-- Information provided follows --

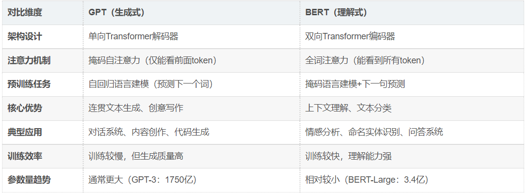 GPT和BERT代表了Transformer架构的两种主要应用范式:
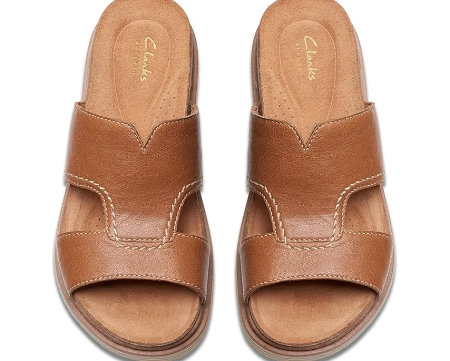 - Celebrate outdoor fun in style wearing the Clarks® Arwell Walk Sandals. The slip-on footwear features leather upper construction with polyester lining and open almond toe silhouette.
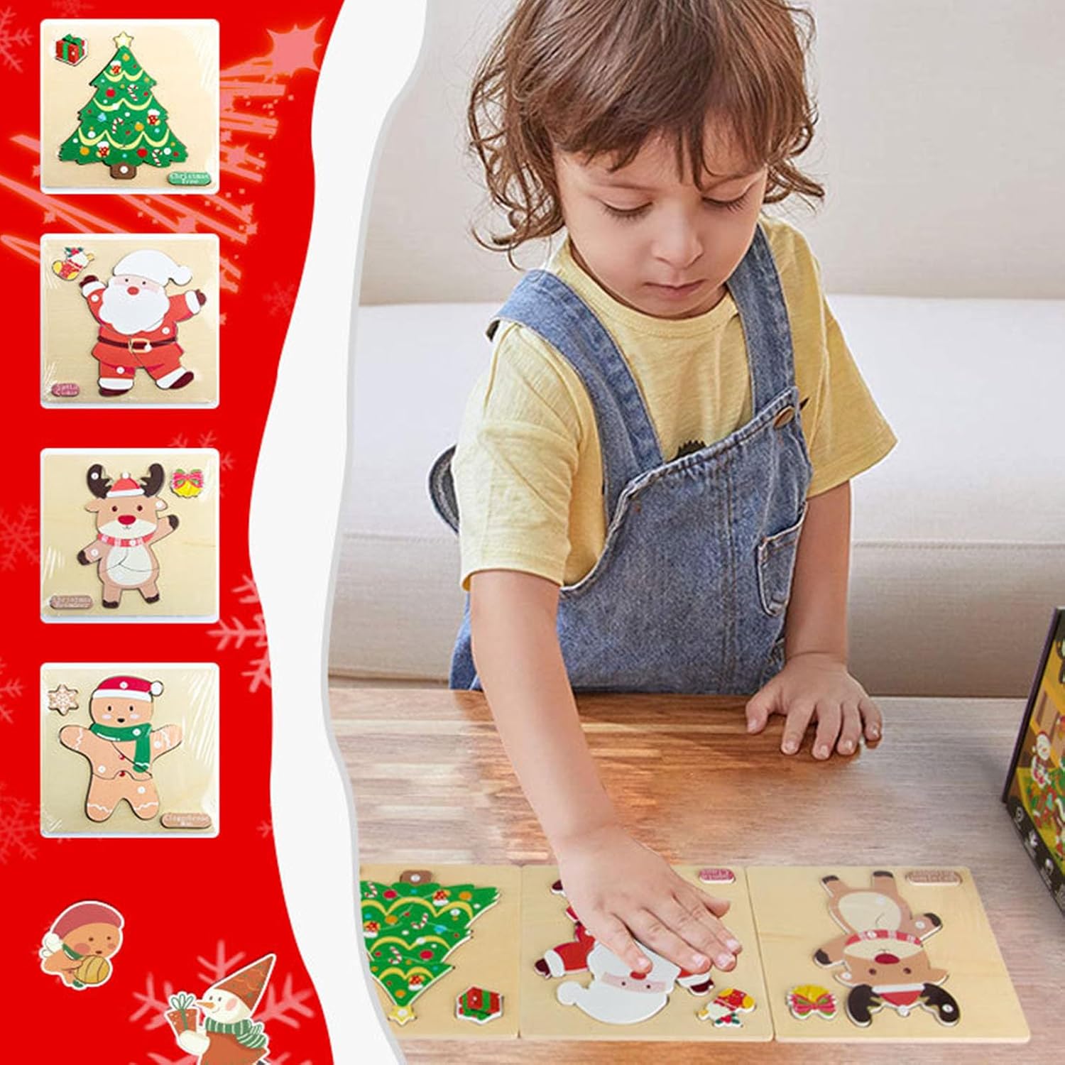 Personaggi Festivi Vibranti: Con vivaci figure natalizie e motivi stagionali che portano un'atmosfera festosa nella stanza, introducendo al contradizioni di Natale care, migliorando naturalmente lo spirito di celebrazione con colori brillanti Costruzione Robusta e Durevole: Grazie al materiale legnoso e alla lavorazione , questo puzzle natalizio offre pezzi resistenti all'usura che conservano i colori vivaci nel , garantendo un'esperienza duratura e soddisfacente per ogni utilizzo Allestimento Innovativo: Migliora l'atmosfera interna attraverso l'esposizione del puzzle completato, offrendo un modo innovativo per decorare lo spazio diffondendo gioia e appeal visivo con un design versatile e adatto a tutti gli ambienti Esercizio Cerebrale Interattivo: Questo Christmas Puzzle favorisce la pratica del problem solving e la crescita cognitiva, migliorando la coordinazione occhio-mano e affinando le abilità motorie fini attraverso un gioco interattivo e stimolante per tutte le età Regalo Meraviglioso: Giocattolo educativo adatto a partire dai 3 anni che stimola le capacità cognitive mentre è un ottimo regalo festivo, ideale per coinvolgere la famiglia in attività divertenti durante la stagione natalizia con un design educativo
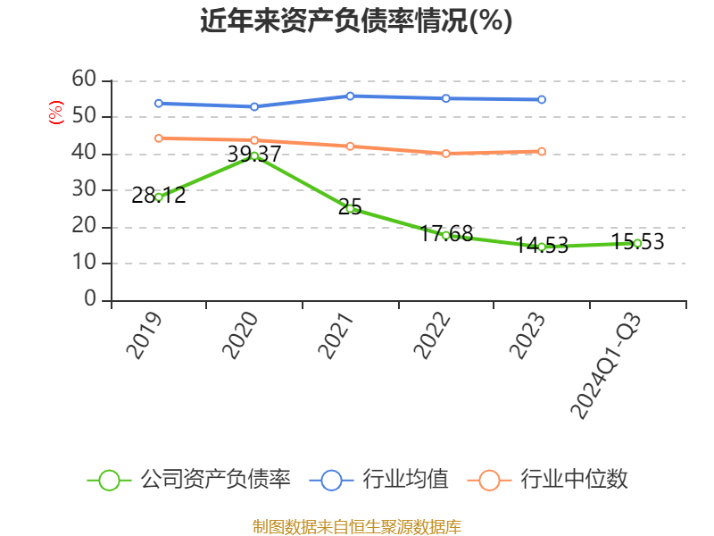 2024年前三季度,公司流动比率为4.46,速动比率为4.41。
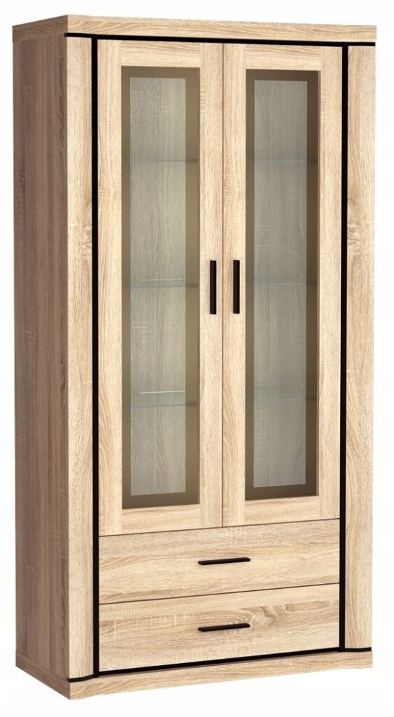 Czarny matowy korpus komody, uzupełniony złotymi metalowymi nóżkami i uchwytami, nadaje całości wyjątkowej elegancji i luksusowego stylu. Dzięki metalowym nóżkom o wysokości 13,5 cm komoda jest stabilna i łatwa do utrzymania w czystości, co sprawia, że jest praktyczna i funkcjonalna w codziennym użytkowaniu. Wykończenia z obrzeżem ABS oraz fronty imitujące strukturę drewna podkreślają jej wyjątkowy wygląd i wytrzymałość, zapewniając trwałość na lata.
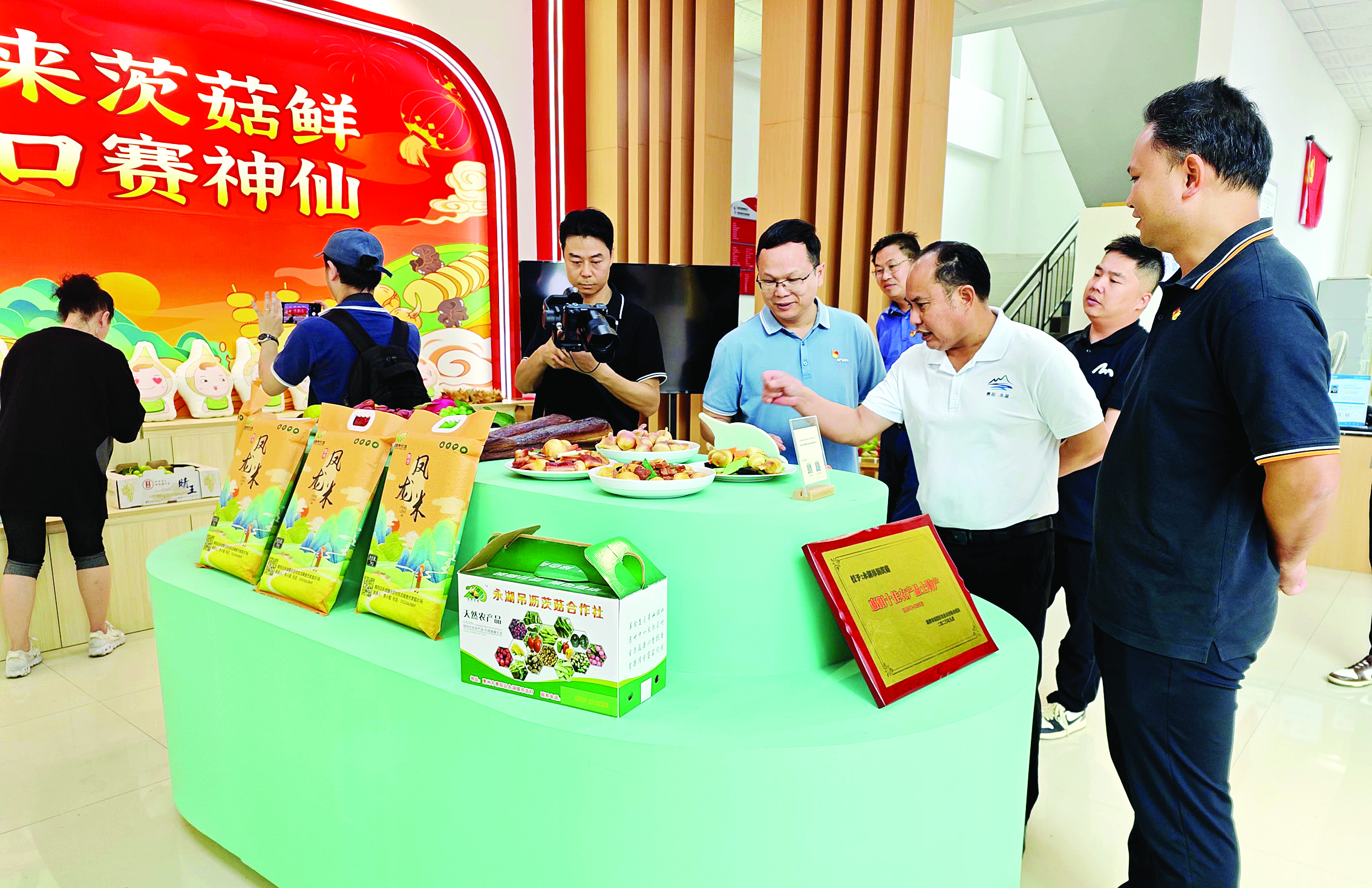 采風團在永湖鎮(zhèn)吊瀝村委會茨菇展廳參觀。
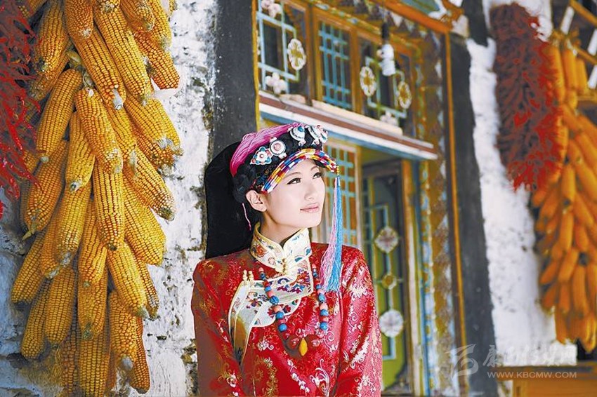 不知什么時(shí)候丹巴已被古碉?藏寨?美人谷這個(gè)名詞所取代。誠(chéng)然,丹巴有歷經(jīng)蒼桑歲月仍傲然屹立于荒草萋萋之中的古碉,也有散落在田間地頭的白色藏房,它們用歲月遺留下來(lái)的符號(hào)無(wú)言地訴說(shuō)著古老的過(guò)去。就在這美麗的土地上,綠水青山環(huán)繞中,充滿靈氣的古碉藏寨交相輝映,呈現(xiàn)出一幅天人合一的絕妙畫卷。也許是上天特別垂青于這塊土地吧!丹巴自古以來(lái)美女如云,一代代優(yōu)雅端莊,心靈手巧的姑娘,身著自已繡織的衣服,甩動(dòng)如云的繡帕,舉手投足間自有一番清雅高華的氣質(zhì),盡顯東女國(guó)后裔風(fēng)范。

-- Information provided concluded --

Exercise brief: The answer should contain only the lines from the beginning of the material above through the line with "- Celebrate outdoor", retyped exactly, with the pictures removed.

Reply:
 GPT和BERT代表了Transformer架构的两种主要应用范式:
 - Celebrate outdoor fun in style wearing the Clarks® Arwell Walk Sandals. The slip-on footwear features leather upper construction with polyester lining and open almond toe silhouette.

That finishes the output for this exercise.